The Waqf (Amendment) Act has been challenged in the Supreme Court by several individuals and organisations. In an interview with The Indian Express, former Union minister and BJP leader Mukhtar Abbas Naqvi backs the law, saying India is a country of reforms and that the Waqf system needed reform, and that the amendments brought by the government rectify problems administratively without encroaching on matters of faith. Excerpts:
The amendment is an administrative reform and not a religious one. Only those who thought they had a legal licence to loot are scared of this correction. The law does not pertain to any community but is the law of the land, whose beneficiaries will include Waqf stakeholders, including Muslims.
Some people are trying to communalise it (the Act) by creating an imaginary legal confusion and want communal conflict by creating fear.
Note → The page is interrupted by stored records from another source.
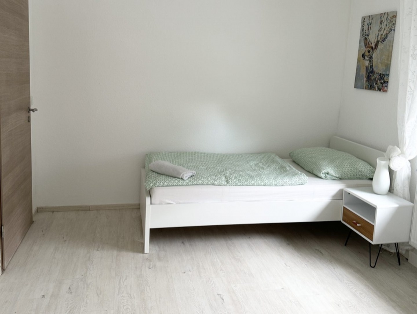 T12d: Die 3 Zimmer Ferienwohnung ist 60m² groß, befindet sich im 1.OG mit Balkon auf der Straßenseite und bietet Platz für bis zu 3 Personen. Auch diese Wohnung ist speziell auf die Bedürfnisse von Geschäftsreisenden und Monteuren ausgelegt und bietet eine ruhige, funktionale Unterkunft.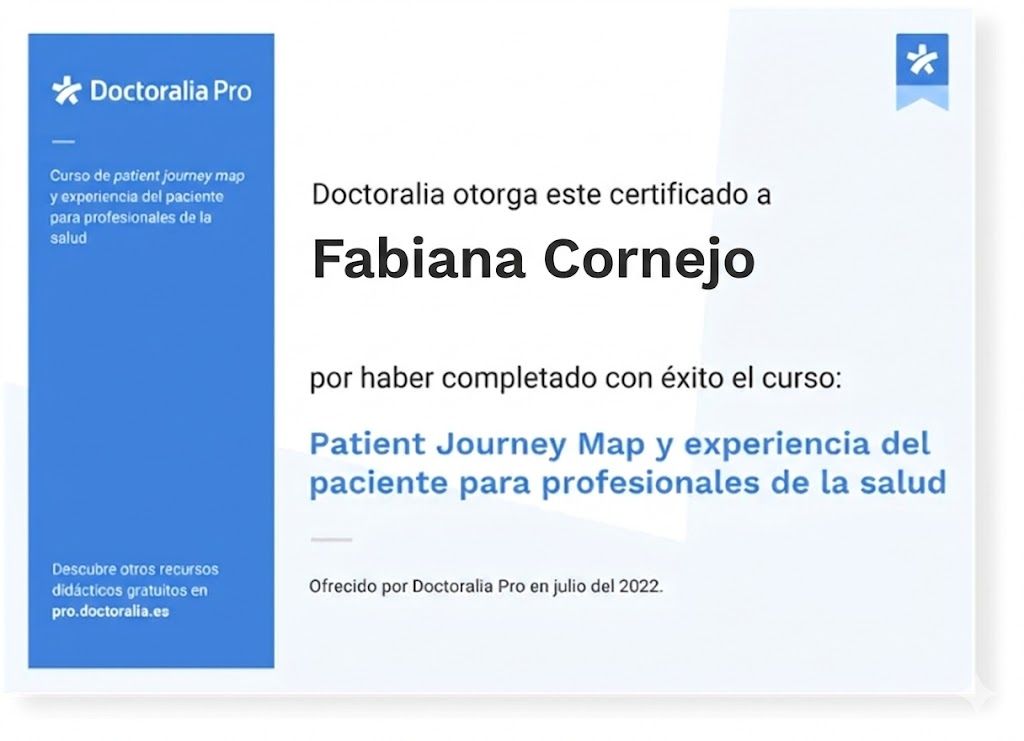 ¿Cómo puedo reservar una cita con Fabiana Cornejo?El calendario que muestra Fabiana Cornejo en Doctoralia está actualizado en tiempo real, por lo que solo tienes que elegir qué día y hora te va mejor de entre las disponibles. La reserva es gratuita, y además recibes un recordatorio antes de la visita.
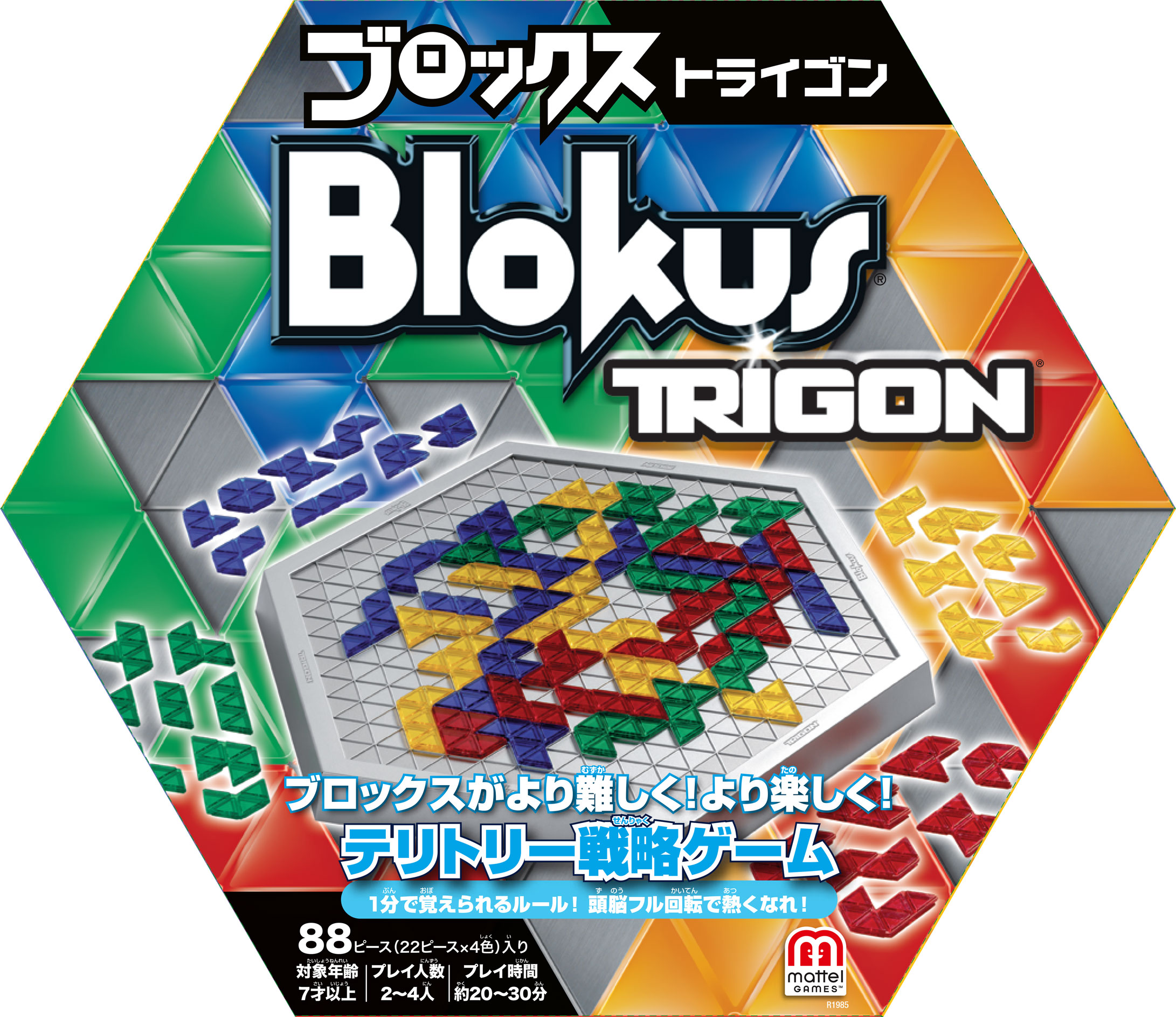 3月11日よりAmazonにて先行発売を開始した「ブロックス トライゴン」は、このブロックスのベーシックなルールはそのままに、ピースの形を正方形マスから三角形マスに、ボードも六角形に変更。楽しさも難しさもパワーアップされました。

Everyone must understand that India is a nation of reform, and has seen many kinds of reforms – be it social, economic, administrative, electoral, educational, agricultural or health – before and after Independence.
We are not a closed country with a touch-me-not approach to legislation. They tried to make the entire system of Waqf a touch-me-not one. This approach is neither in national interest nor in the interest of society. The idea (of the Act) is to bring the system within the Constitutional hierarchy to benefit stakeholders.
People must understand that when they talk about (land going back to) 1913, baat niklegi to door talaq jaayegi (a lot of other things will come up).
The Judicial Committee of the British Privy Council held in 1894-95 that this is a system of the worst kind. Countries under British rule then reformed their Waqf systems. I was Union Minority Affairs minister for a long time and studied this issue in depth.
In India, the Muslim League went for communal polarisation. They politically exploited the issue. In 1910, (Muhammad Ali) Jinnah became a member of the Imperial Legislative Council from Bombay in connivance with the British. The 1913 Act was a product of Jinnah’s connivance with the British… Even in Pakistan, the Waqf system has been reformed in 1959, 1960, etc.
They claim Hindus have been included in the Waqf Council and Waqf boards, but we need to understand that after Partition, Muslims went to Pakistan in large numbers while Hindus and Sikhs came to India in large numbers. The Muslims who chose to leave India left their properties behind, while those Hindus and Sikhs who chose India left theirs in Pakistan. The Muslims (in Pakistan) were allowed to occupy the vacant properties, and today own them. But Hindus who chose India are neither owners nor tenants of those properties that the Muslims left behind. A sword constantly dangles over their heads. Hence, non-Muslims are also stakeholders in the Waqf system.
(Religious) conversions are dangerous, particularly if they are forced, taken up by fraudulent means or are funded. When one speaks about tribals, they should ask for whom the Waqf system exists? It is for Muslims and only those practising Islam can do Waqf.
As I said earlier, non-Muslims are also stakeholders in the Waqf system as they left everything they owned in Pakistan. Their stakes need to be respected. People in many states say things like… ‘We got this shop in 1949 when our family came to India from Pakistan, but I still get notices and have to pay hafta to retain them’. So, legal correction is the need of the hour.
Please remember that people have been claiming half the country’s property as Waqf. They say Parliament, roads, fields, trees and rivers are Waqf properties. This kind of criminal anarchy needed to be remedied by bringing it within the bounds of the Constitution. Faith is protected under the law but administrative problems need to be addressed.